▶ **Task description**: The following data needs to be repeated exactly, with all images excluded.

▶ **Data shown**:
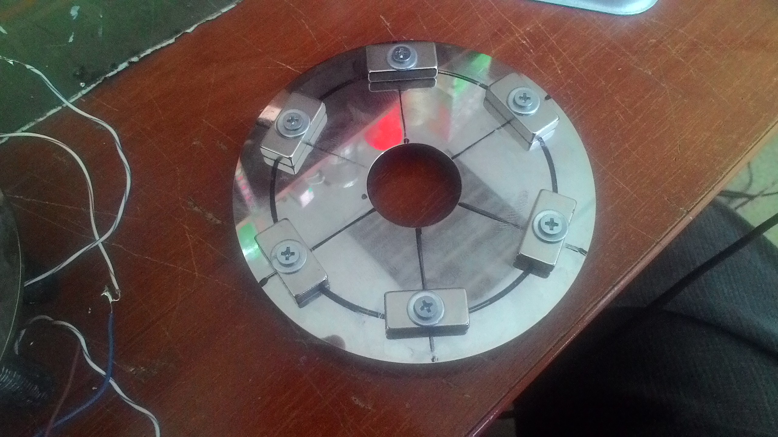 Блин, я то думал, что магниты с дыркой как раз помогут мне их нормально винтами прикрепить к ротору, а тут фиг - надо разной полярности. Перевернуть их не получится, они раззенкованы только с одной стороны. Придется что-то придумывать. Для тестового стенда не хотел заливать компаундом магниты на роторе, а просто на клее магниты у меня не держаться, пробовал уже несколько разных - через некоторое время отлетают при усилии.
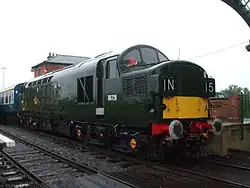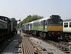 D7523 was built by British Railways at Derby in 1965 and started its career at Toton TMD before moving around various London Midland Region sheds such as Willesden, Longsight, and Crewe. It was renumbered 25173 in 1974.[12] It had been based at the Crewe Heritage Centre and on the West Somerset Railway.[13] It arrived at the railway on 7 September 2011 and will be used for engineering and ballast trains and for maintenance and testing of vacuum-braked coaches.[14] It is currently in BR Green, Undergoing heavy overhaul.[8]
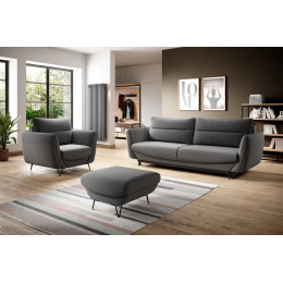 Sedací souprava v dezénu Gojo 5 se skládá z pohovky, křesla a taburetu. Sedáky jsou vyrobeny z vysoce elastické HR pěny a opěradlo pohovky je vyrobeno z pěny T25. Pohovka se pomocí DL mechanismu dá rozložit na spací plochu 200x145 cm a disponuje úložným prostorem. Nohy pohovky, taburetu a křesla jsou z černé oceli s výškou až 13 centimetrů. Každý prvek setu lze zakoupit i samostatně.

▶ **Response to the exercise**:
 Блин, я то думал, что магниты с дыркой как раз помогут мне их нормально винтами прикрепить к ротору, а тут фиг - надо разной полярности. Перевернуть их не получится, они раззенкованы только с одной стороны. Придется что-то придумывать. Для тестового стенда не хотел заливать компаундом магниты на роторе, а просто на клее магниты у меня не держаться, пробовал уже несколько разных - через некоторое время отлетают при усилии.
 D7523 was built by British Railways at Derby in 1965 and started its career at Toton TMD before moving around various London Midland Region sheds such as Willesden, Longsight, and Crewe. It was renumbered 25173 in 1974.[12] It had been based at the Crewe Heritage Centre and on the West Somerset Railway.[13] It arrived at the railway on 7 September 2011 and will be used for engineering and ballast trains and for maintenance and testing of vacuum-braked coaches.[14] It is currently in BR Green, Undergoing heavy overhaul.[8]
 Sedací souprava v dezénu Gojo 5 se skládá z pohovky, křesla a taburetu. Sedáky jsou vyrobeny z vysoce elastické HR pěny a opěradlo pohovky je vyrobeno z pěny T25. Pohovka se pomocí DL mechanismu dá rozložit na spací plochu 200x145 cm a disponuje úložným prostorem. Nohy pohovky, taburetu a křesla jsou z černé oceli s výškou až 13 centimetrů. Každý prvek setu lze zakoupit i samostatně.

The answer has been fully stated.